◆ **To do**: Your task is to output the listing word for word, with pictures excluded.

◆ **Material provided**:
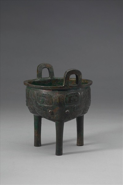圓鼎,盤口,立耳,分襠,柱足。腹飾獸面紋,以雷紋為地。
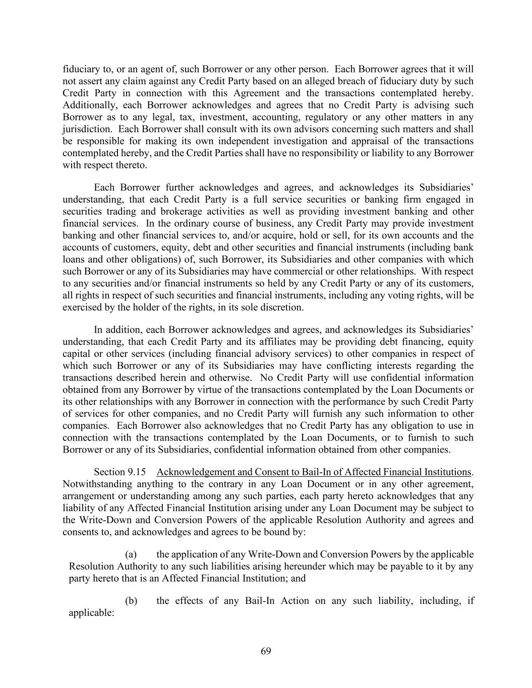 69 fiduciary to, or an agent of, such Borrower or any other person. Each Borrower agrees that it will not assert any claim against any Credit Party based on an alleged breach of fiduciary duty by such Credit Party in connection with this Agreement and the transactions contemplated hereby. Additionally, each Borrower acknowledges and agrees that no Credit Party is advising such Borrower as to any legal, tax, investment, accounting, regulatory or any other matters in any jurisdiction. Each Borrower shall consult with its own advisors concerning such matters and shall be responsible for making its own independent investigation and appraisal of the transactions contemplated hereby, and the Credit Parties shall have no responsibility or liability to any Borrower with respect thereto. Each Borrower further acknowledges and agrees, and acknowledges its Subsidiaries’ understanding, that each Credit Party is a full service securities or banking firm engaged in securities trading and brokerage activities as well as providing investment banking and other financial services. In the ordinary course of business, any Credit Party may provide investment banking and other financial services to, and/or acquire, hold or sell, for its own accounts and the accounts of customers, equity, debt and other securities and financial instruments (including bank loans and other obligations) of, such Borrower, its Subsidiaries and other companies with which such Borrower or any of its Subsidiaries may have commercial or other relationships. With respect to any securities and/or financial instruments so held by any Credit Party or any of its customers, all rights in respect of such securities and financial instruments, including any voting rights, will be exercised by the holder of the rights, in its sole discretion. In addition, each Borrower acknowledges and agrees, and acknowledges its Subsidiaries’ understanding, that each Credit Party and its affiliates may be providing debt financing, equity capital or other services (including financial advisory services) to other companies in respect of which such Borrower or any of its Subsidiaries may have conflicting interests regarding the transactions described herein and otherwise. No Credit Party will use confidential information obtained from any Borrower by virtue of the transactions contemplated by the Loan Documents or its other relationships with any Borrower in connection with the performance by such Credit Party of services for other companies, and no Credit Party will furnish any such information to other companies. Each Borrower also acknowledges that no Credit Party has any obligation to use in connection with the transactions contemplated by the Loan Documents, or to furnish to such Borrower or any of its Subsidiaries, confidential information obtained from other companies. Section 9.15 Acknowledgement and Consent to Bail-In of Affected Financial Institutions. Notwithstanding anything to the contrary in any Loan Document or in any other agreement, arrangement or understanding among any such parties, each party hereto acknowledges that any liability of any Affected Financial Institution arising under any Loan Document may be subject to the Write-Down and Conversion Powers of the applicable Resolution Authority and agrees and consents to, and acknowledges and agrees to be bound by: (a) the application of any Write-Down and Conversion Powers by the applicable Resolution Authority to any such liabilities arising hereunder which may be payable to it by any party hereto that is an Affected Financial Institution; and (b) the effects of any Bail-In Action on any such liability, including, if applicable:
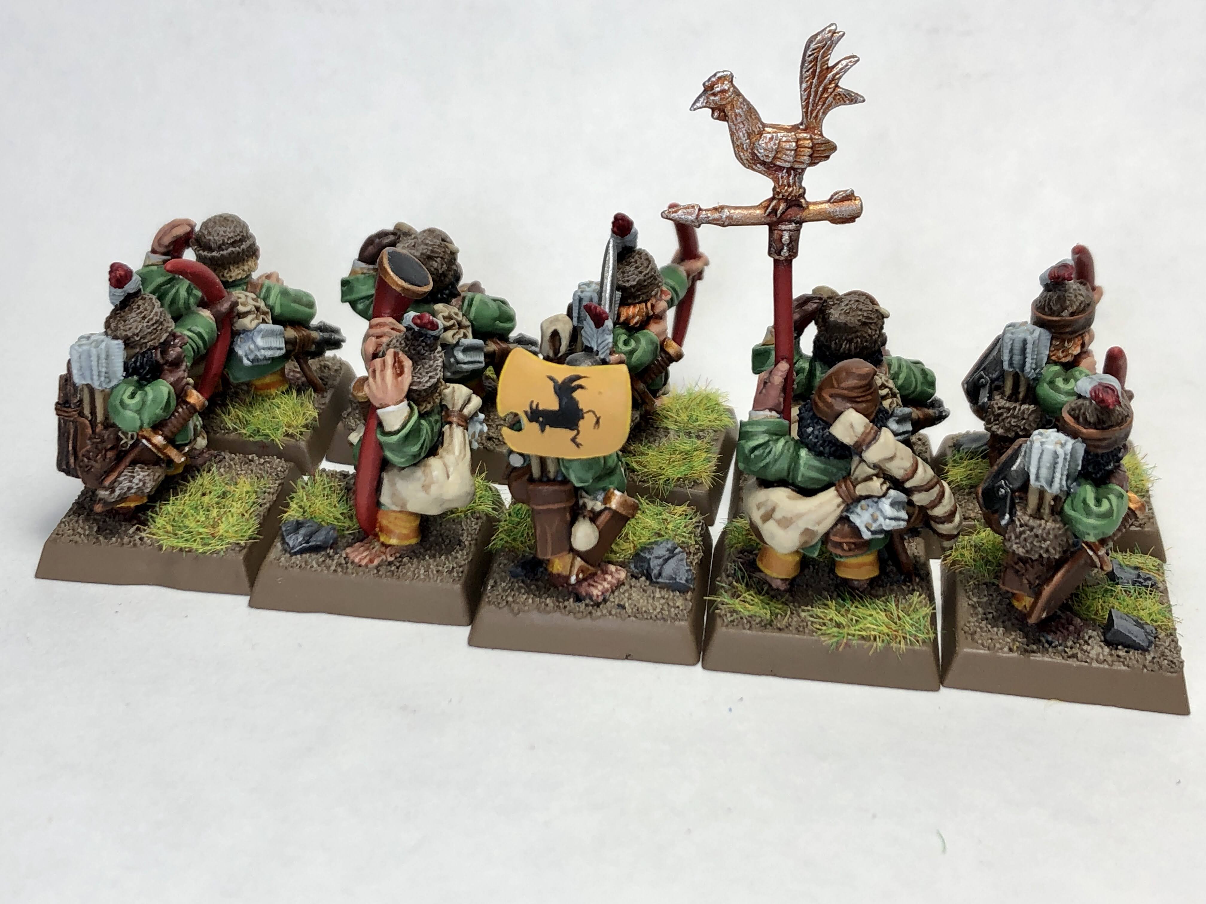 I had finished the base model months ago, drawn to the gatling gun's clarion call of BRRRRTTTT, but any opportunity for more stupid freehand designs is one I'm happy to take. From here I pivoted hard into my love of Warhammer Fantasy. The dark thirst I had to paint some halflings had to be sated, so I bought and painted Lumpin Croop's Fighting Cocks, an old Regiment of Renown:
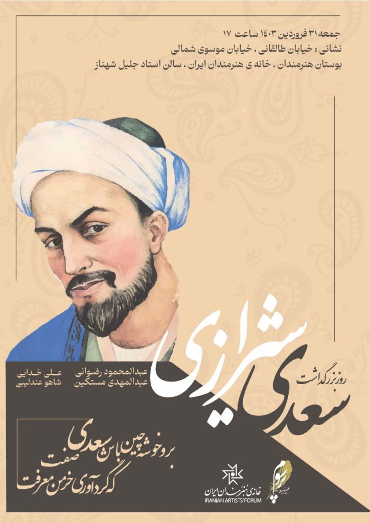 به مدد یزدان ، روز جمعه ، ۳۱ فرودین ماه ۱۴۰۳ ، ساعت ۱۷ پسین گاه در خانه هنرمندان ایران , بزم باشکوه نکوداشت شیخ اجل سعدی برگزار می شود .
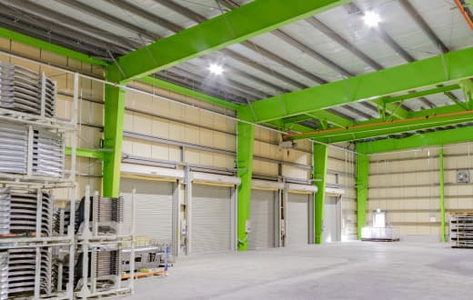 高さ5.0m 横幅8.0mの大型スピード電動シャッターを2ヶ所配置。
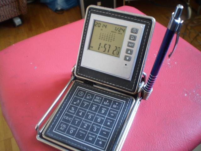 Universali Uzrasykle-Vizitiniu korteliu laikykle- Laikrodis-Zadintuvas-Kalendorius-Kalkuliatorius- su odos elementais...
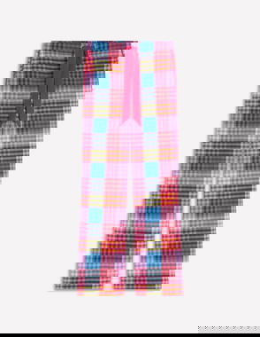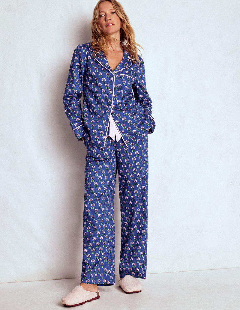 Cotton Pyjama Trousers-Bright Blue, Woodblock Flower
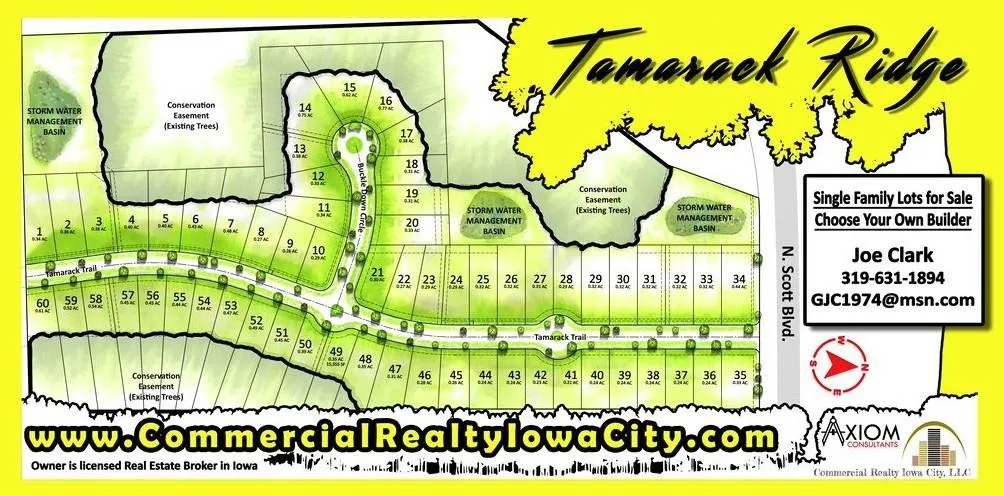 Come live at Tamarack Ridge Subdivision! Iowa City’s finest East Side development!! Enjoy the large single family lots surrounded by well established trees and wild life. Land is just minutes away from Regina High School and City High School. Quick and easy access to Interstate 80 and Downtown Iowa City. Choose your own builder, or use one of the Preferred Builders for construction of your new home. Call Joe Clark today at (319) 631-1894 for more information.
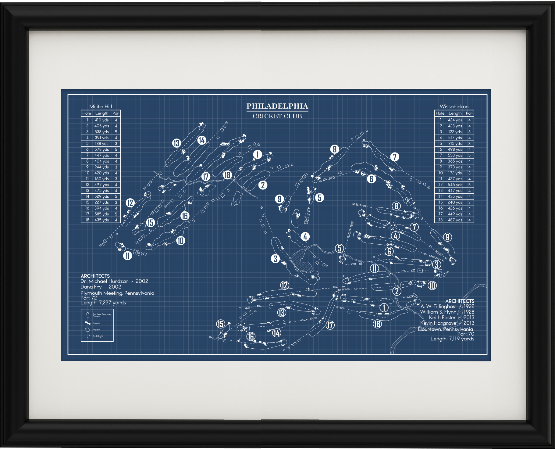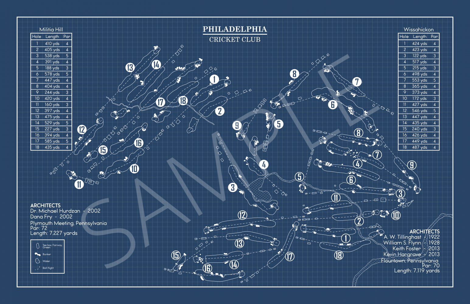 This Golf Course Blueprint is of Philadelphia Cricket Club in Flourtown, Pennsylvania. Included elements of the design are the water and bunker hazards, course length from the tips, and architects.
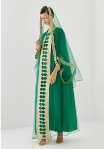 بدورها، استوحت المصممة تيما عابد تصاميمها من تموجات الكثبان الرملية، مقدّمة ثوباً أسود مطرزاً بالخرز النحاسي مع برقع شبكي مرصع، إضافة إلى تصميم بنفسجي من التفتا الحريري أطلقت عليه اسم “Grief”، مزين بأحجار كريستالية متلألئة. كما قدمت زياً تراثياً للعروس من الجاكار العاجي المطعم بالذهبي، مطرزاً بأحجار كريستالية متفاوتة، مع أكسسوار وجه يضفي هالة من الغموض والجاذبية.
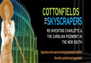 The centerpiece of the Museum is the award-winning exhibition, Cotton Fields to Skyscrapers: Charlotte and the Carolina Piedmont in the New South. Covering 8,000 square feet, the exhibit features Charlotte and its 13 surrounding counties as a case study to illustrate the profound changes in the South since the Civil War.
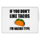 Os fãs do fast food mexicano têm seu restaurante favorito e gracejam se você não gosta do tacos então que eu sou tipo do nacho. Verifique para fora este engraçado projetam em camisetas, em camisas, em canecas, em casos, em presentes e em roupa.
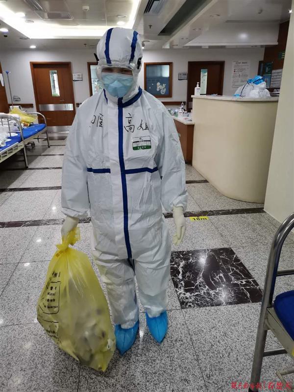 在這里,她的主要工作是負責患者生活垃圾的收集、清理和病區(qū)的保潔、消毒工作。當看到護士們特別忙碌時,她還會幫著給每位患者送早餐。 身形清瘦的高姐干起活來十分利索,來回穿梭于病區(qū),對所有病房的門把手、床頭柜、洗手臺、洗手間進行清潔消毒,病房和病區(qū)走廊的地拖干凈,逐一將14間病房的生活垃圾收集,并用護士長教她的環(huán)形打結(jié)法封口、打包,三次消毒后,集中放到醫(yī)療廢物暫存處。 每天上午做完這些工作,都需要2個多小時,才能出污染區(qū)。每天下午,還要進入隔離病區(qū)打掃。一天累計起來,高姐和許多醫(yī)護人員一樣,要在里面工作5個多小時。 “現(xiàn)在進入隔離病房做清潔,對我來說就像是換了套衣服在工作,沒那么怕了!因為他們把我保護得很好?!备呓闾寡?,每次進出隔離區(qū),護士們不僅會對她的著裝反復(fù)檢查,還會幫她在鼻子上涂壓瘡膏。“從大年初三到現(xiàn)在工作1個多月,目前身體還算不錯,臉上也沒有被口罩或是護目鏡壓破?!?/p>
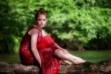Keywords: girl sitting tree water river young female woman portrait cute attractive white teen outdoor summer fashion red dress redhead pose elegant sunny glamour
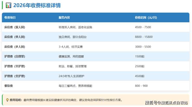 养老院的收费体系遵循“透明分级、精准适配”的原则,主要包含床位费、护理费、餐食费等基础项目,具体构成如下:
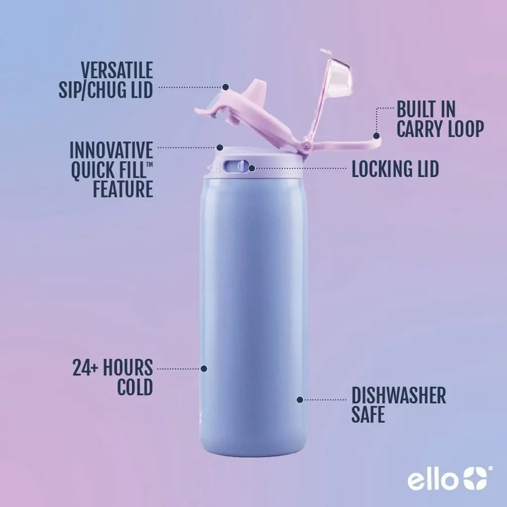 Ello Pop & Fill 18oz Stainless Steel Water Bottle Purple Holographic Glitter
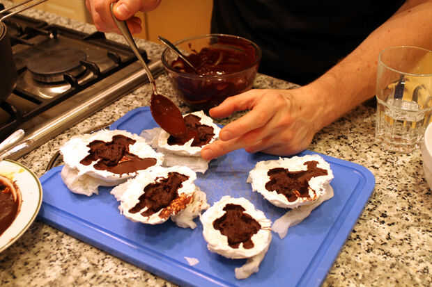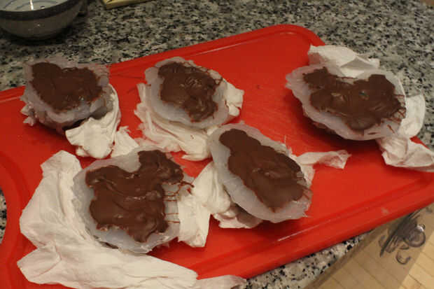 Volver los moldes al refrigerador hasta que el chocolate está completamente establecido.

◆ **Solution to the exercise**:
圓鼎,盤口,立耳,分襠,柱足。腹飾獸面紋,以雷紋為地。
 69 fiduciary to, or an agent of, such Borrower or any other person. Each Borrower agrees that it will not assert any claim against any Credit Party based on an alleged breach of fiduciary duty by such Credit Party in connection with this Agreement and the transactions contemplated hereby. Additionally, each Borrower acknowledges and agrees that no Credit Party is advising such Borrower as to any legal, tax, investment, accounting, regulatory or any other matters in any jurisdiction. Each Borrower shall consult with its own advisors concerning such matters and shall be responsible for making its own independent investigation and appraisal of the transactions contemplated hereby, and the Credit Parties shall have no responsibility or liability to any Borrower with respect thereto. Each Borrower further acknowledges and agrees, and acknowledges its Subsidiaries’ understanding, that each Credit Party is a full service securities or banking firm engaged in securities trading and brokerage activities as well as providing investment banking and other financial services. In the ordinary course of business, any Credit Party may provide investment banking and other financial services to, and/or acquire, hold or sell, for its own accounts and the accounts of customers, equity, debt and other securities and financial instruments (including bank loans and other obligations) of, such Borrower, its Subsidiaries and other companies with which such Borrower or any of its Subsidiaries may have commercial or other relationships. With respect to any securities and/or financial instruments so held by any Credit Party or any of its customers, all rights in respect of such securities and financial instruments, including any voting rights, will be exercised by the holder of the rights, in its sole discretion. In addition, each Borrower acknowledges and agrees, and acknowledges its Subsidiaries’ understanding, that each Credit Party and its affiliates may be providing debt financing, equity capital or other services (including financial advisory services) to other companies in respect of which such Borrower or any of its Subsidiaries may have conflicting interests regarding the transactions described herein and otherwise. No Credit Party will use confidential information obtained from any Borrower by virtue of the transactions contemplated by the Loan Documents or its other relationships with any Borrower in connection with the performance by such Credit Party of services for other companies, and no Credit Party will furnish any such information to other companies. Each Borrower also acknowledges that no Credit Party has any obligation to use in connection with the transactions contemplated by the Loan Documents, or to furnish to such Borrower or any of its Subsidiaries, confidential information obtained from other companies. Section 9.15 Acknowledgement and Consent to Bail-In of Affected Financial Institutions. Notwithstanding anything to the contrary in any Loan Document or in any other agreement, arrangement or understanding among any such parties, each party hereto acknowledges that any liability of any Affected Financial Institution arising under any Loan Document may be subject to the Write-Down and Conversion Powers of the applicable Resolution Authority and agrees and consents to, and acknowledges and agrees to be bound by: (a) the application of any Write-Down and Conversion Powers by the applicable Resolution Authority to any such liabilities arising hereunder which may be payable to it by any party hereto that is an Affected Financial Institution; and (b) the effects of any Bail-In Action on any such liability, including, if applicable:
 I had finished the base model months ago, drawn to the gatling gun's clarion call of BRRRRTTTT, but any opportunity for more stupid freehand designs is one I'm happy to take. From here I pivoted hard into my love of Warhammer Fantasy. The dark thirst I had to paint some halflings had to be sated, so I bought and painted Lumpin Croop's Fighting Cocks, an old Regiment of Renown:
 به مدد یزدان ، روز جمعه ، ۳۱ فرودین ماه ۱۴۰۳ ، ساعت ۱۷ پسین گاه در خانه هنرمندان ایران , بزم باشکوه نکوداشت شیخ اجل سعدی برگزار می شود .
 高さ5.0m 横幅8.0mの大型スピード電動シャッターを2ヶ所配置。
 Universali Uzrasykle-Vizitiniu korteliu laikykle- Laikrodis-Zadintuvas-Kalendorius-Kalkuliatorius- su odos elementais...
 Cotton Pyjama Trousers-Bright Blue, Woodblock Flower
 Come live at Tamarack Ridge Subdivision! Iowa City’s finest East Side development!! Enjoy the large single family lots surrounded by well established trees and wild life. Land is just minutes away from Regina High School and City High School. Quick and easy access to Interstate 80 and Downtown Iowa City. Choose your own builder, or use one of the Preferred Builders for construction of your new home. Call Joe Clark today at (319) 631-1894 for more information.
 This Golf Course Blueprint is of Philadelphia Cricket Club in Flourtown, Pennsylvania. Included elements of the design are the water and bunker hazards, course length from the tips, and architects.
 بدورها، استوحت المصممة تيما عابد تصاميمها من تموجات الكثبان الرملية، مقدّمة ثوباً أسود مطرزاً بالخرز النحاسي مع برقع شبكي مرصع، إضافة إلى تصميم بنفسجي من التفتا الحريري أطلقت عليه اسم “Grief”، مزين بأحجار كريستالية متلألئة. كما قدمت زياً تراثياً للعروس من الجاكار العاجي المطعم بالذهبي، مطرزاً بأحجار كريستالية متفاوتة، مع أكسسوار وجه يضفي هالة من الغموض والجاذبية.
 The centerpiece of the Museum is the award-winning exhibition, Cotton Fields to Skyscrapers: Charlotte and the Carolina Piedmont in the New South. Covering 8,000 square feet, the exhibit features Charlotte and its 13 surrounding counties as a case study to illustrate the profound changes in the South since the Civil War.
 Os fãs do fast food mexicano têm seu restaurante favorito e gracejam se você não gosta do tacos então que eu sou tipo do nacho. Verifique para fora este engraçado projetam em camisetas, em camisas, em canecas, em casos, em presentes e em roupa.
 在這里,她的主要工作是負責患者生活垃圾的收集、清理和病區(qū)的保潔、消毒工作。當看到護士們特別忙碌時,她還會幫著給每位患者送早餐。 身形清瘦的高姐干起活來十分利索,來回穿梭于病區(qū),對所有病房的門把手、床頭柜、洗手臺、洗手間進行清潔消毒,病房和病區(qū)走廊的地拖干凈,逐一將14間病房的生活垃圾收集,并用護士長教她的環(huán)形打結(jié)法封口、打包,三次消毒后,集中放到醫(yī)療廢物暫存處。 每天上午做完這些工作,都需要2個多小時,才能出污染區(qū)。每天下午,還要進入隔離病區(qū)打掃。一天累計起來,高姐和許多醫(yī)護人員一樣,要在里面工作5個多小時。 “現(xiàn)在進入隔離病房做清潔,對我來說就像是換了套衣服在工作,沒那么怕了!因為他們把我保護得很好?!备呓闾寡?,每次進出隔離區(qū),護士們不僅會對她的著裝反復(fù)檢查,還會幫她在鼻子上涂壓瘡膏。“從大年初三到現(xiàn)在工作1個多月,目前身體還算不錯,臉上也沒有被口罩或是護目鏡壓破?!?/p>
Keywords: girl sitting tree water river young female woman portrait cute attractive white teen outdoor summer fashion red dress redhead pose elegant sunny glamour
 养老院的收费体系遵循“透明分级、精准适配”的原则,主要包含床位费、护理费、餐食费等基础项目,具体构成如下:
 Ello Pop & Fill 18oz Stainless Steel Water Bottle Purple Holographic Glitter
 Volver los moldes al refrigerador hasta que el chocolate está completamente establecido.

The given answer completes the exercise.